Deixando de lado as atenções direcionadas a Donald Trump, recordemos um acontecimento minimamente importante para o nosso país: «Habemus Orçamento!» — apenas na generalidade. A tentativa do Primeiro-Ministro, Luís Montenegro, de criar laços com a extrema-direita acabou por falhar. Recordo-me, por exemplo, do seu discurso de encerramento, no Congresso Nacional do PSD, quando decidiu tocar num ponto sensível, que não deixou uma imagem muito favorável — a revisão do programa da disciplina de Cidadania e Desenvolvimento, sujeita a «amarras de projetos ideológicos ou de fação».

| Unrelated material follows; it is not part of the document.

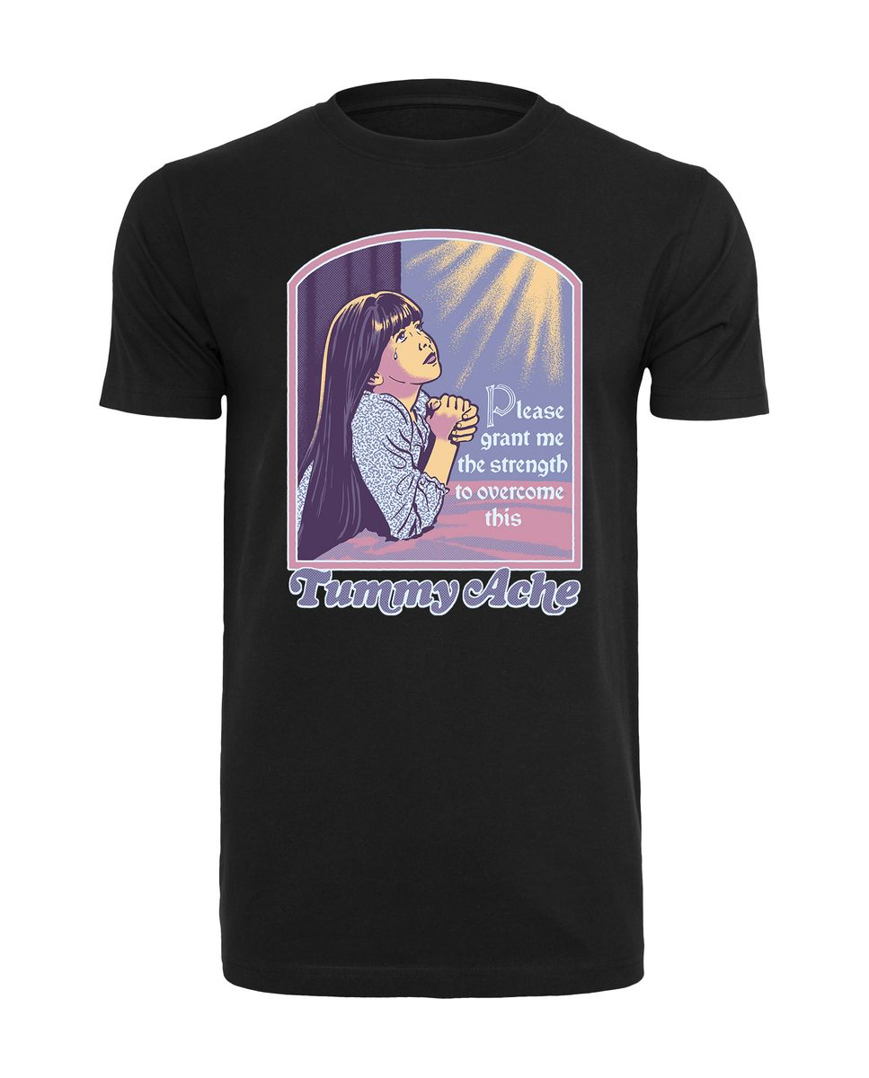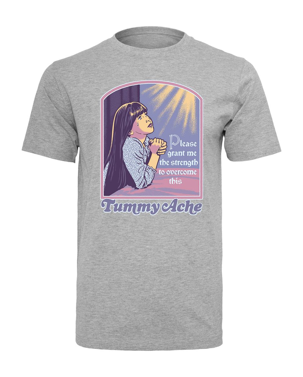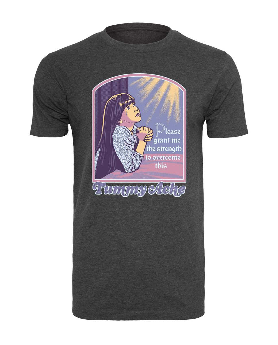 Das T-Shirt zeigt ein Mädchen, das darum bittet ihre Bauchschmerzen ertragen zu können.

Caro Primeiro-Ministro, o Monte ficou mesmo Negro! E aqui entenda-se como «Monte» o seu discurso e «Negro» o efeito provocado nas mentes de quem verdadeiramente serve a Educação no nosso país! Os aplausos sentidos e os comentários póstumos nas redes sociais, a favor desta medida, fizeram-me lembrar o nosso querido Eça, no primitivo prefácio d’As Farpas, na excelente passagem «a ignorância pesa sobre o povo como um nevoeiro». Fossem alguns dos nossos políticos mais conhecedores da realidade pedagógica e dos documentos que a orientam e a nossa Educação estaria ligeiramente melhor! Nem necessito de relembrar o facto de não saberem Literatura, até porque o problema já não é de agora. Camões, que retomarei mais tarde, alertava-nos, no século XVI, para um grande mal — «quem não sabe arte, não na estima». Bonitos e Verdes tempos em que os Discursos Políticos eram verdadeiramente deliciosos!

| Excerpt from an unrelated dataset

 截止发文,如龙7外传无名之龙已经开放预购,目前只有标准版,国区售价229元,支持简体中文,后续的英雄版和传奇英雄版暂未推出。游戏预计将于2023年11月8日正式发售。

Na conjuntura política atual, este tipo de reações só vem tornar mais nítida a pirâmide de interesses sobre a Educação. Os mais perspicazes já repararam na despreocupação que existe, mais uma vez, com a formação inicial de professores — do que vale apresentarmos medidas de emergência, oferecendo as propinas aos atuais estudantes do Ensino Superior (no caso dos futuros professores de 3.º Ciclo e Ensino Secundário, apenas no mestrado), quando o número de vagas para os mestrados em ensino permanece igual? A esta pergunta o Sr. Primeiro-Ministro não responde! No seu tempo, não havia a disciplina de Cidadania e Desenvolvimento… Talvez fosse interessante perder umas horinhas a ver um filme. Recomendo-lhe A Última Carruagem, de Ernesto Contreras. Sem grandes demoras, irá fazer uma viagem até ao México. Na representação da professora Georgina, dos respetivos alunos e de todo o ambiente espácio-temporal, prevalece a fonte primordial para um processo educativo de qualidade — a matéria-prima. Na pobreza económica daquelas famílias, onde o ensino não era uma prioridade, fica a importância da relação professor/aluno, em que o Professor é um Mestre e o livro a principal fonte de Saber. Se estes elementos estão em crise, como poderá um sistema educativo avançar?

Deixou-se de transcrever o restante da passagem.